▸ **Task objective**: Your answer must be the lines from the first record through the line that contains "38 Économie bleue", copied exactly and without any pictures.
Top of Raw data
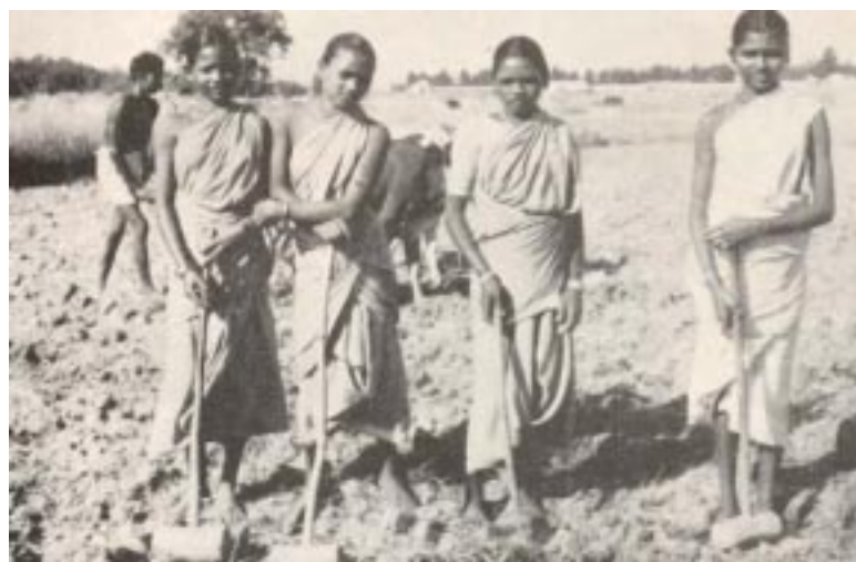
Adibasi Krushi Jeebana
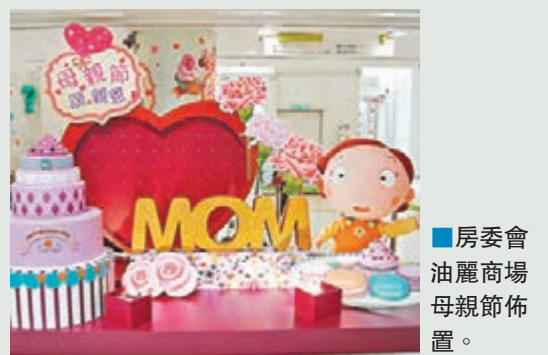
房委會油麗商場母親節佈置。

香港文匯報訊（記者 文森）母親節快將來臨，房委會指將在轄下多個商場舉辦歌頌母愛推廣活動，亦藉此增加商場人流，房委會稱，母親節當日（5月8日），居民如欲對母親表達心意，可前往房委會轄下的坪石、梨木樹、美田、天恩、晴朗、彩德和油麗商場填上及掛上心意卡，更可帶同母親及一家大小前往欣賞完成作品。
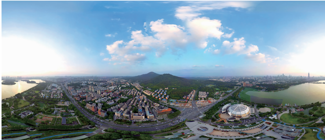
夕阳下的紫金山镶嵌在都市中的绿色明珠
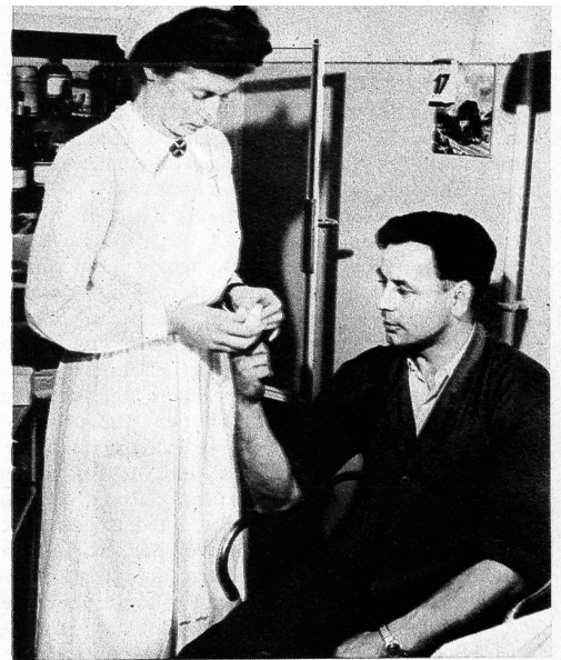
Gleich gereinigt und kunstvoll verbunden heilen die Wunden der Arbeit rascher, wenn sie auch auf den ersten Blick noch so böse aussehen mögen

„Ausgezeichnet. Die Arbeit ist hier selbständiger und verantwortungreicher als in den grossen Spitalbetrieben, zudem ist der Vorteil der regelmässigen Arbeitszeit nicht zu unterschätzen. Seit drei Jahren bin ich hier und kenne die Leute, wie sie mich kennen, so dass das gegenseitige Vertrauen da ist, das die Grundlage für gutes Zusammenarbeiten schafft.“
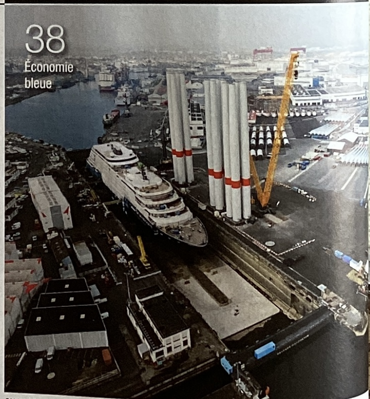
38 Économie bleue

CHAOYANG ZHAO - F. DUBRAY/PHOTOPQR/QUEST FRANCE/MAXPPP - MICHAEL ZACHER - ILLUSTRATION SOPHIE LECLERC D'APRÈS SHUTTERSTOCK - GINA RODGERS/ALAMY/HÉMIS COUVERTURE : MICHAEL ZACHER
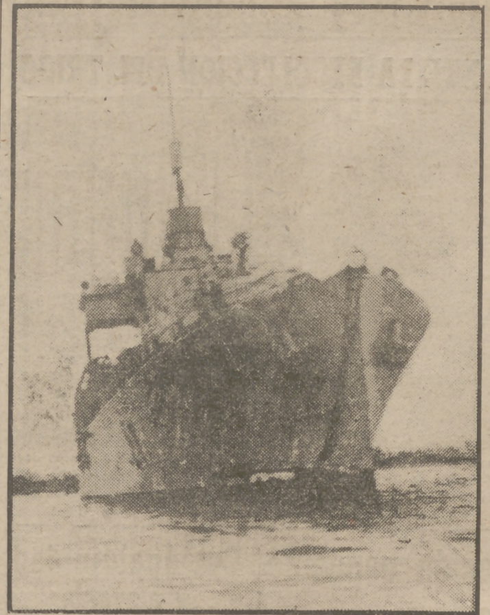
Esta es la corbeta egipcia "Nasz", que tanto revuelo ha causado al detener al navio inglés "Empire Roach" por sospecharlo portador de contrabando para Israel. A la derecha, el capitán de la nave egipcia, capitán de corbeta Abdel Moneim Bayoumi, al mando de la nave.
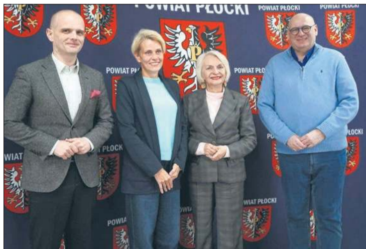
Z. Grabiec / Starostwo Powiatowe w Płocku
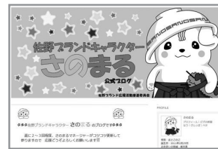
▲さのまるブログや予定表も随時更新しています！
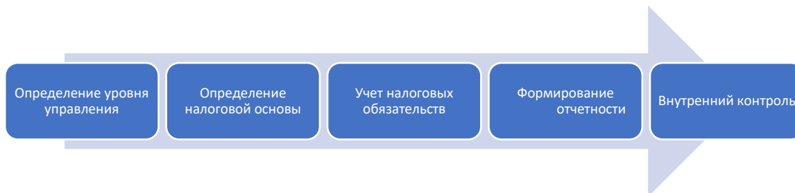
Рисунок 2. Процесс налогового учета

Порядок ведения раздельного налогового учета включает в себя следующие этапы, представленные на рисунке 2.
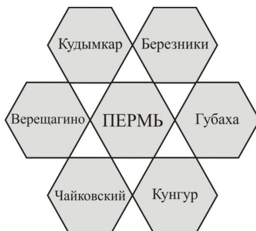
Рис. 1. Картоид пространственной структуры Пермского края

Проблемы функционирования организации краевого пространства. Социально-экономическое пространство Пермского края обладает свойством дискретности, проявляющимся по функциональным признакам. В процессе дискретизации происходят структурное разграничение и локация функционально ориентированных внутрикраевых пространств. В них ярко отражается специфика хозяйственной деятельности населения. В пределах социально-экономического пространства края явно выделяются индустриально развитый центр, горнохимический и лесопромышленный северо-восток, горнопромышленный восток, аграрный юго-восток, сельскохозяйственный в сочетании с промышленным производством юго-запад, агропромышленный запад и лесопромышленный с элементами сельского хозяйства северо-запад. Сочетание функционально разнородных пространств формирует пространственную структуру края, которую можно представить в формализованном виде (рис. 1). На картоиде раскрыты взаиморасположение и пространственные отношения между функционально разнородными территориями, принимающими шестиугольную форму. Пространственное строение Пермского края основано на единстве многообразия территориально локализованных социально-экономических систем, объединённых транспортными сетями и «коридорами» коммуникаций, а также тяготением к краевому центру.
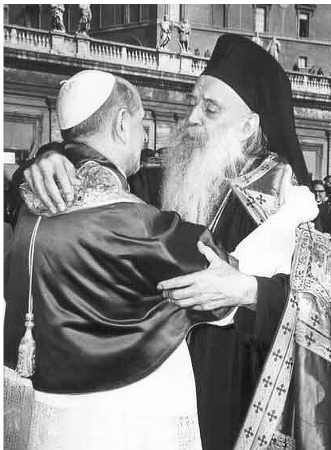
Stretnutie pápeža Pavla VI. s carihradským ortodoxným patriarchom Athenagorasom I. v roku 1967 v Ríme

Tu je dôležité rozpoznať, ako tento koncilový text bol bezprostredne vzťahovaný na problém, o ktorom práve píšeme. 19 Predovšetkým v dejinách bolo vždy isté, že pravoslávni biskupi prijímali a prijímajú biskupskú vysviacku vždy platne, a teda prostredníctvom prijatia vysviacky, prijímali a prijímajú aj trojitú úlohu, o ktorej hovorí koncilový text. Viac-menej pokojne sa prijímal aj fakt, že pravoslávni biskupi vykonávajú platne aj úlohu posväcovať, pretože táto úloha vyplýva z vysviacky ako sviatostná milosť. Dnes teda musíme to isté povedať aj o ďalších dvoch úlohách, pretože aj ony vyplývajú zo sviatostnej vysviacky. Takto sme dospeli k tomu, že jurisdikčné právne úkony pravoslávnych biskupov boli vykonávané platne z toho istého dôvodu, že platnosť týchto úkonov je spojená s mocou posväcovať a vyplýva tiež zo sviatostnej vysviacky. A hoci koncilový text uvádza, že spomínané tri úlohy „sa môžu vykonávať iba v hierarchickej jednote s Hlavou a členmi biskupského kolégia“, naše tvrdenie nie je v rozpore s týmto textom. Naopak ukazuje sa, že práve z neho vychádza ďalší argument v prospech nášho tvrdenia. Totiž v koncilovom texte sa hovorí o všetkých troch úlohách, potom ak pre úlohu posväcovať nejestvuje podmienka sine qua non pre jej platné vykonávanie, potom prečo by takáto podmienka mala existovať pre vykonávanie úlohy vyučovať a riadiť? Aj Nota explicativa praevia ho-
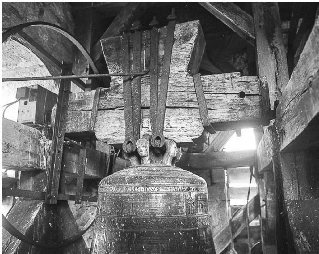
Vue de la partie supérieure.
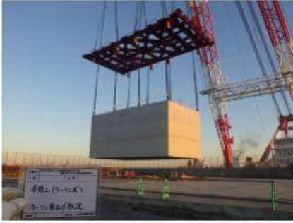
2016 南本牧ふ頭5ブロック 建設工事(その74)
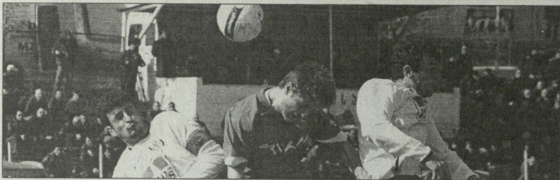
მურმანი ფორვარდის მომზადება
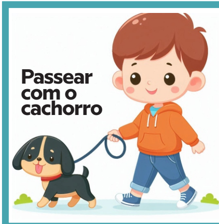
Passear com o cachorro
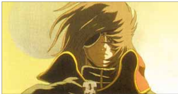
Aquest és l'aspecte del capità Harlock.

Un esperit lliure recorre les galàxies a bord de la seva nau. El capità Harlock és un pirata de l'espai que comanda l' Arcàdia , un mena de galió sideral amb un ordinador central que té vida pròpia. L'acció té lloc el 2977, quan els humans han colonitzat pràcticament tota la galàxia i la corrupció regna a l'Univers. Harlock és una mena de capità Nemo, que ha decidit passar de la humanitat i establir les seves pròpies lleis. En el seu cas, l'anarquia és la màxima. Ell fa
Bottom of Raw data
▸ **Output of the task**:
Adibasi Krushi Jeebana
房委會油麗商場母親節佈置。

香港文匯報訊（記者 文森）母親節快將來臨，房委會指將在轄下多個商場舉辦歌頌母愛推廣活動，亦藉此增加商場人流，房委會稱，母親節當日（5月8日），居民如欲對母親表達心意，可前往房委會轄下的坪石、梨木樹、美田、天恩、晴朗、彩德和油麗商場填上及掛上心意卡，更可帶同母親及一家大小前往欣賞完成作品。
夕阳下的紫金山镶嵌在都市中的绿色明珠
Gleich gereinigt und kunstvoll verbunden heilen die Wunden der Arbeit rascher, wenn sie auch auf den ersten Blick noch so böse aussehen mögen

„Ausgezeichnet. Die Arbeit ist hier selbständiger und verantwortungreicher als in den grossen Spitalbetrieben, zudem ist der Vorteil der regelmässigen Arbeitszeit nicht zu unterschätzen. Seit drei Jahren bin ich hier und kenne die Leute, wie sie mich kennen, so dass das gegenseitige Vertrauen da ist, das die Grundlage für gutes Zusammenarbeiten schafft.“
38 Économie bleue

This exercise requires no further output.